--- STORED DATA ---
######

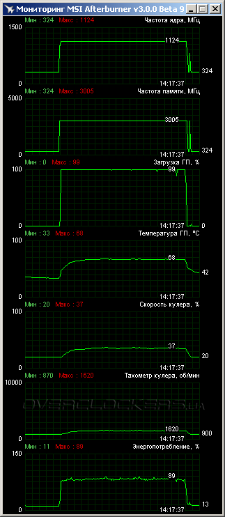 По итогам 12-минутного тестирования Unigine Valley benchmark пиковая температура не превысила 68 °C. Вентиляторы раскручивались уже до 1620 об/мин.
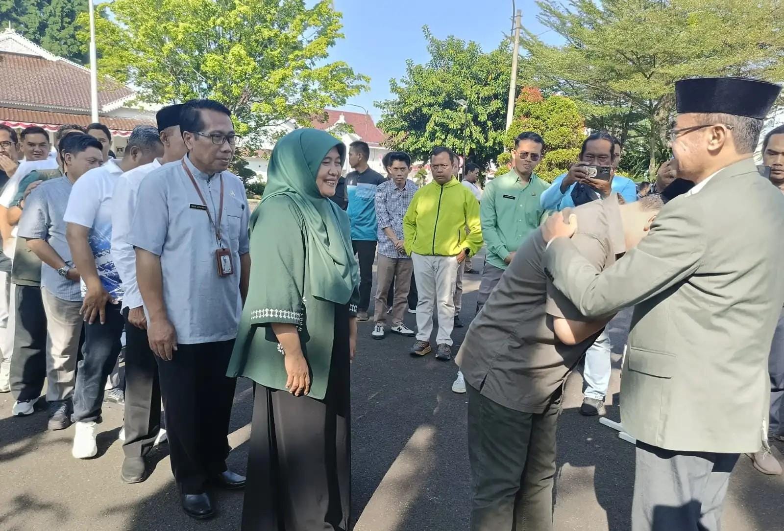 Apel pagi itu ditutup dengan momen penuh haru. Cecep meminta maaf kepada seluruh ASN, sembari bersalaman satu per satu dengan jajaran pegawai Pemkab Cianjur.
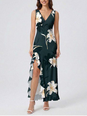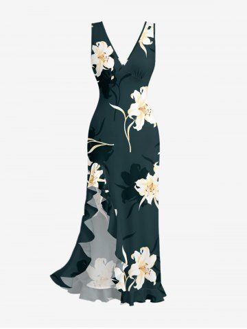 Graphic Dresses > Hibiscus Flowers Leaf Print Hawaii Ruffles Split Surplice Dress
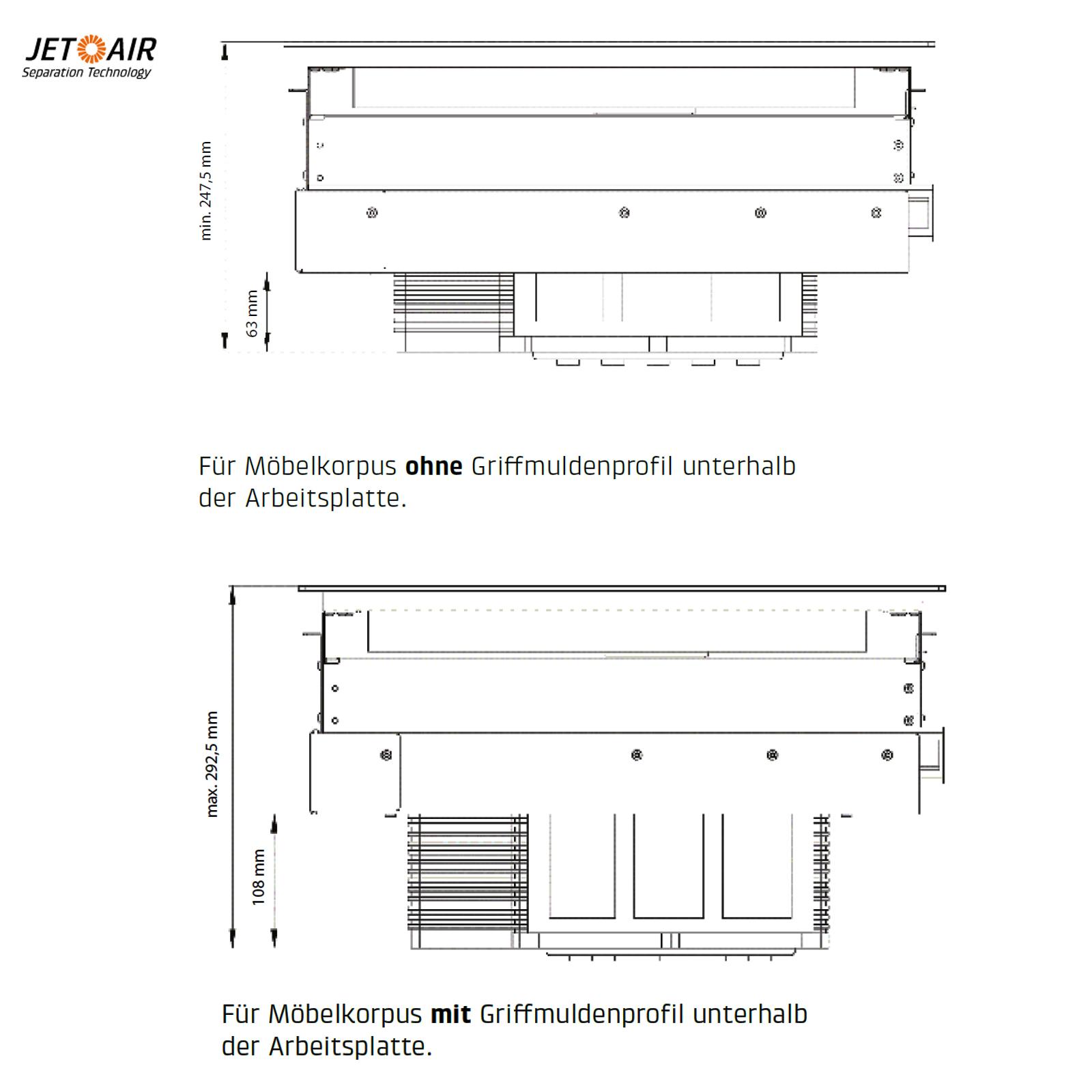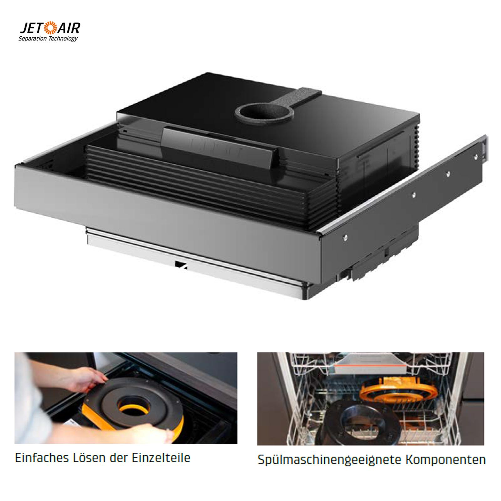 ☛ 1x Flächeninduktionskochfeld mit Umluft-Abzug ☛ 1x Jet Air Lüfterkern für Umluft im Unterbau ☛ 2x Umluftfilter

######

--- REQUIREMENT ---
Could you reproduce all of the material exactly? Keep the pictures out of it.

--- TASK RESULT ---
 По итогам 12-минутного тестирования Unigine Valley benchmark пиковая температура не превысила 68 °C. Вентиляторы раскручивались уже до 1620 об/мин.
 Apel pagi itu ditutup dengan momen penuh haru. Cecep meminta maaf kepada seluruh ASN, sembari bersalaman satu per satu dengan jajaran pegawai Pemkab Cianjur.
 Graphic Dresses > Hibiscus Flowers Leaf Print Hawaii Ruffles Split Surplice Dress
 ☛ 1x Flächeninduktionskochfeld mit Umluft-Abzug ☛ 1x Jet Air Lüfterkern für Umluft im Unterbau ☛ 2x Umluftfilter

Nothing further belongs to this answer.